In response to the exposure, Yoon wrote on Facebook that “I spoke with the halmoni by phone and found that her memory was mistaken,” attempting to imply that there was a problem with Lee’s memory.
If Yoon, who has relied on the memories of former comfort women and proclaimed justice, denies those memories, that would also mean denying the activities of the Korean Council for Justice and Remembrance itself.
In the general election held last month, Yoon behaved like a messenger of “justice” pursuing Japan’s war responsibility, sending questionnaires to major political parties asking them to state their position on whether the one billion yen contributed by Japan based on the Japan-South Korea comfort women agreement should be returned to Japan, and she was also elected as a member of the National Assembly.
Regarding the reports of suspicions, Yoon insisted that they were oppression against herself as she challenged the fight for justice, saying, “The stronger the unjust attacks by pro-Japanese forces become, the stronger my, Yoon Mee-hyang’s, resolve for peace and human rights will become.”
She also tried to gain sympathy by saying, “I am reminded of former Justice Minister Cho Kuk, whose family was exposed to public criticism for as long as six months since last summer.”
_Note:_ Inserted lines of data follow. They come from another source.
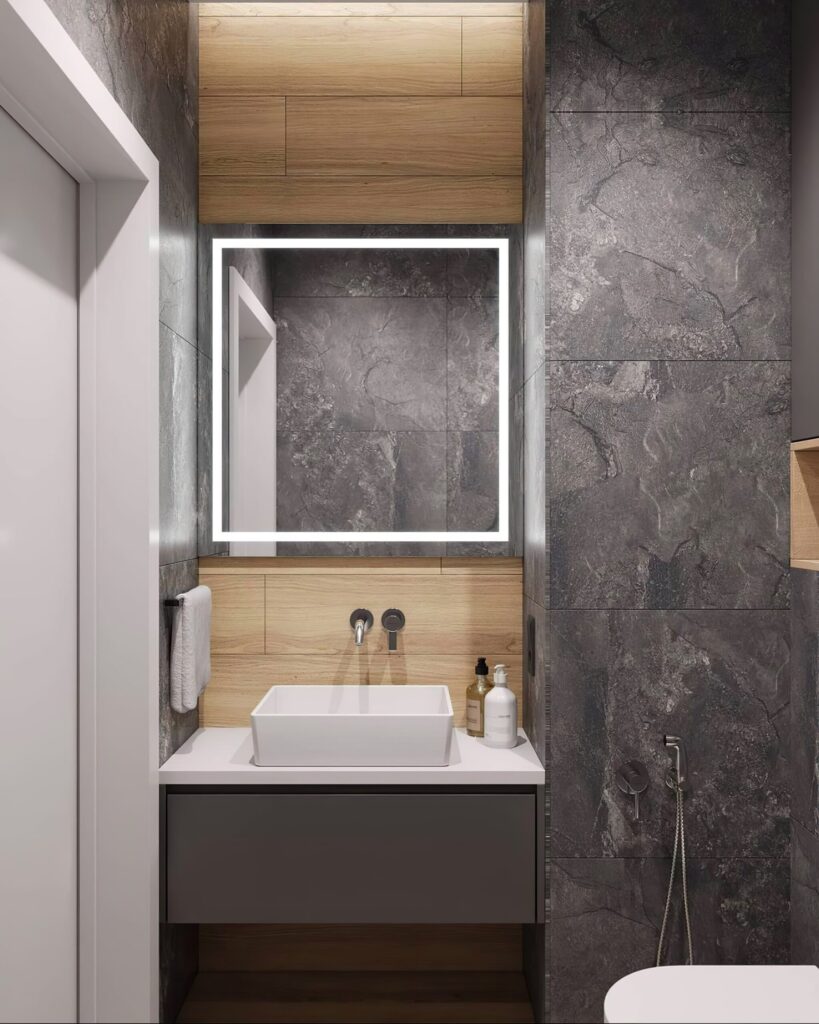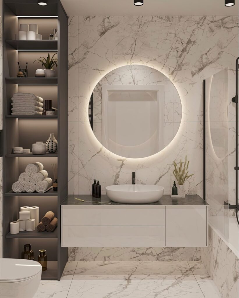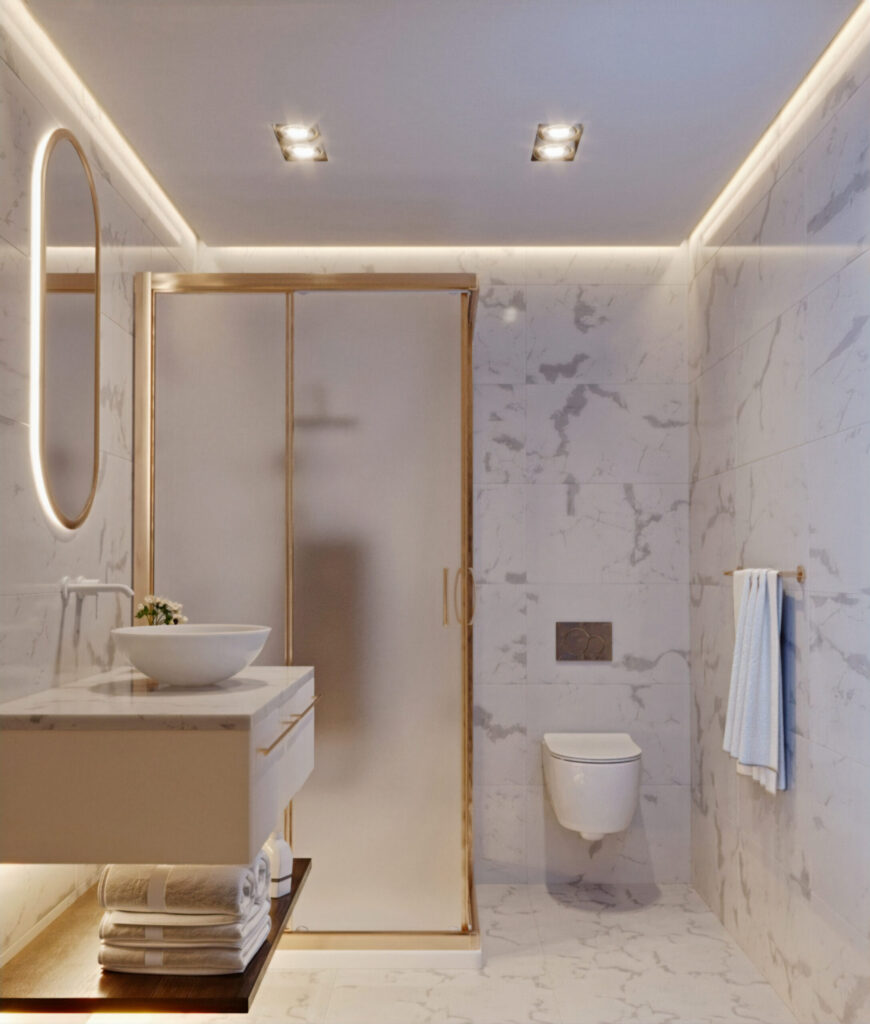 Lighting is key in small bathrooms. Layered lighting ensures functionality while adding ambiance.
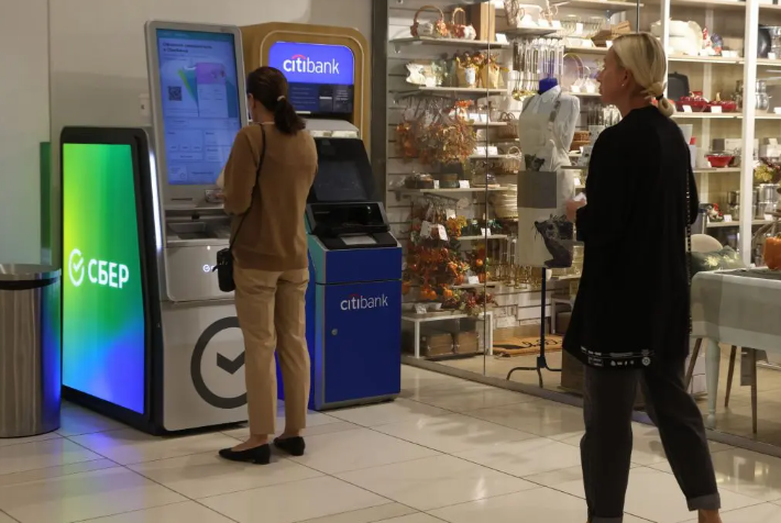 2023年9月1日,莫斯科某购物中心内,一名女性正注视着花旗银行与储蓄银行的自动取款机,这一场景成为支付系统瘫痪的缩影。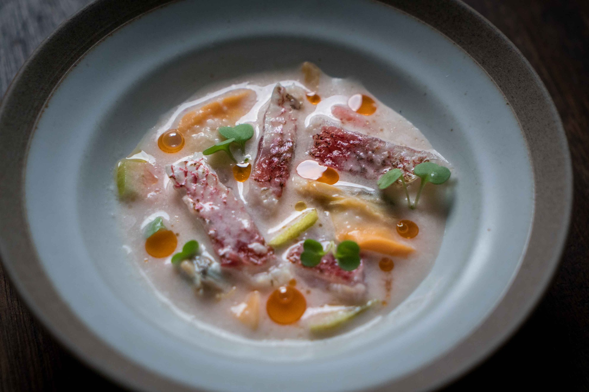 她將長尾鳥熟成 4 天後,用秘魯經典菜色 Ceviche 酸熟手法「冷煮」,製作成「老虎奶」。白肉魚在果酸中熟成,老虎奶湯汁(Leche de tigre)以屏東檸檬跟魚湯打底,再加入自家酸豆與番茄油,搭配黑金剛海瓜子與大溪生食級胭脂蝦,甜鹹酸香相互成就。令人印象深刻的前菜,湯汁都想喝光!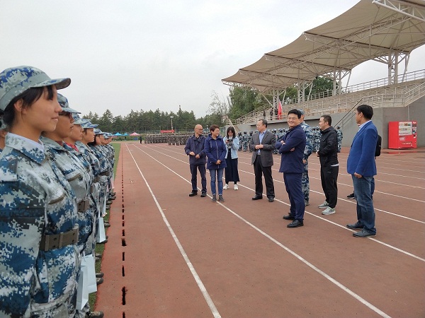 9月15日下午,学院党委书记蔡文成,院长张新平,党委副书记宋涛,副处级组织员张聪闪,教师王彦涛,来到榆中校区军训现场,亲切看望慰问军训教官、学生和新生辅导员及班主任,了解2018级新生军训情况。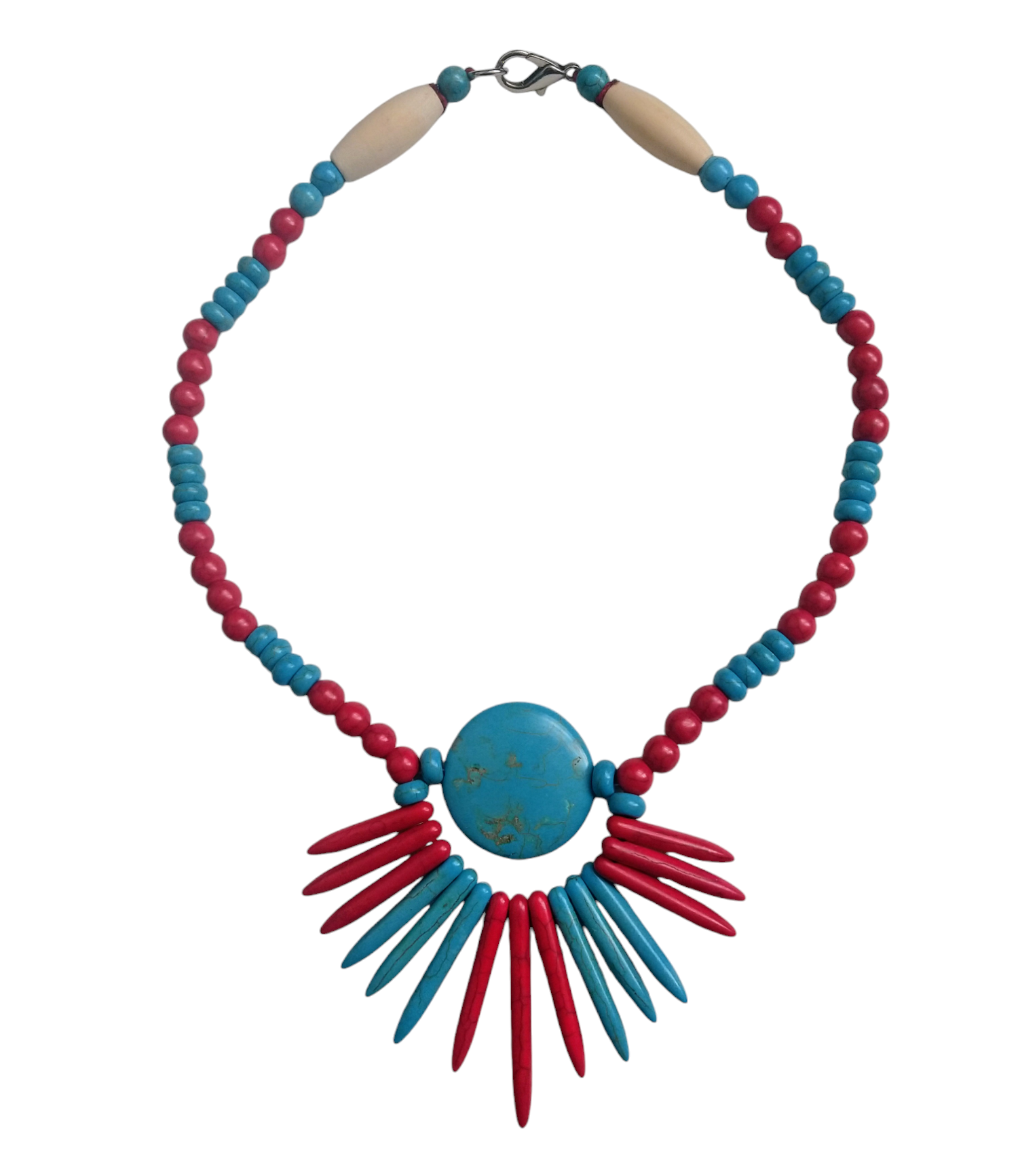 Colar com pedras howlitas de diversas formas e tamanhos, com cores turquesa e vermelho, o que representa força e equilíbrio. Designer único e ousado resulta num colar contemporâneo e cheio de personalidade, ideal para quem gosta de peças exclusivas que fazem uma declaração de estilo.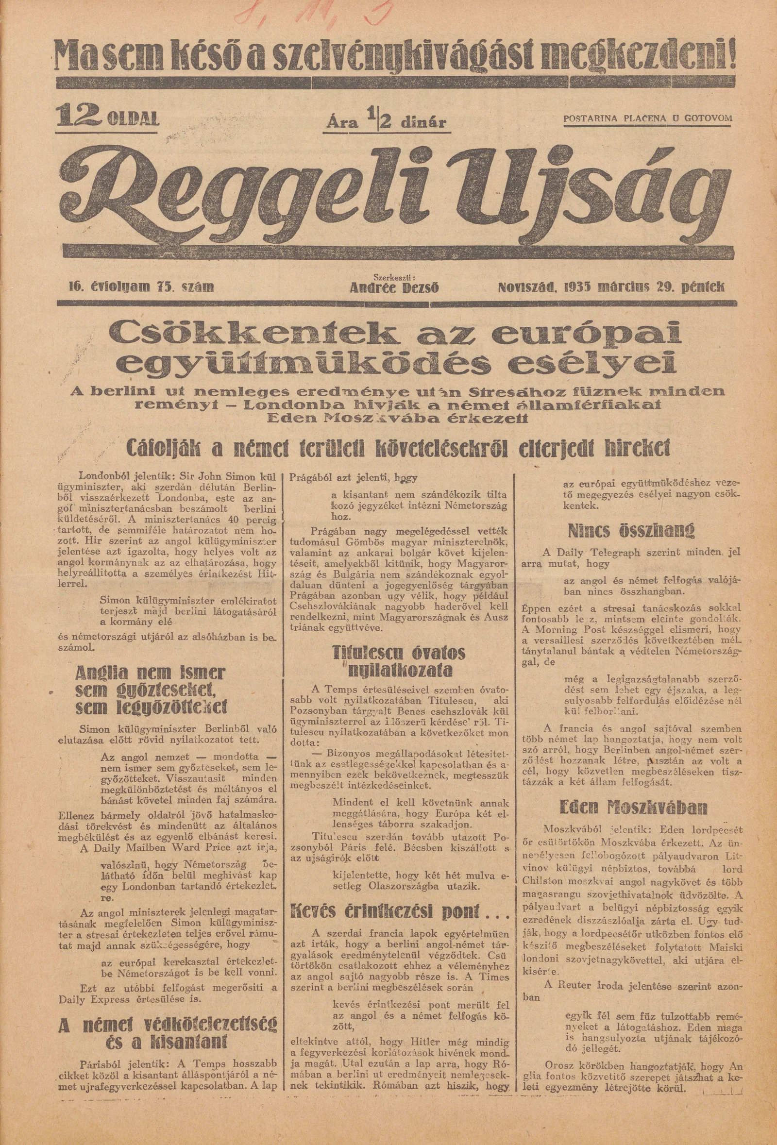 Reggeli Újság, 16. évf. 1935. március 29. 75. sz.

Labeling the pursuit of suspicions as “pro-Japanese”
However, what is more surprising than Yoon’s reaction is the reaction of South Korean society to this uproar.
On May 14, 16 lawmakers of the ruling Democratic Party of Korea issued a statement.
They defended Yoon, saying, “This uproar is nothing more than an offensive by pro-Japanese, anti-human rights, and anti-peace forces to denigrate the movement to correct the truth of history.”
Kim Doo-kwan, a heavyweight lawmaker of the ruling party, raised his voice, saying, “Some media and pro-Japanese, anti-human rights, and anti-peace forces are launching their final offensive.”
Such a logical leap is probably also a common tactic used by many civic groups and activists in South Korea.
It is the logic that they are being attacked not because they themselves committed wrongdoing, but because they tried to uphold the justice of anti-Japan.
Even now in South Korea, activities that pursue Japan’s war crimes and responsibility are treated as a sacred domain, and criticizing organizations, media, scholars, or individuals related to such activities is regarded as taboo; if one breaks that taboo, one is labeled “pro-Japanese.”
*It is no exaggeration at all to say that the attitude of South Korea and the attitude of the Asahi Shimbun and others, as well as NHK, are exactly alike.*
Japan is also concerned about what conclusion the battle of accusations between comfort women-related groups and former comfort women will reach, but before that there is something that must first be asked of President Moon.
Moon has always said that the resolution of the comfort women issue and the issue of wartime laborers requires “the consent of the victims,” as he stated at his press conference on January 14, but the question is: who are the “victims”?
Is he saying that he did not know the reality that, under the beautiful name of justice, there are organizations and individuals who proclaim “anti-Japan,” receive subsidies from the government, collect donations, make their living from them, and seek entry into politics?
Moon, who has used such organizations as his support base, should now state his position.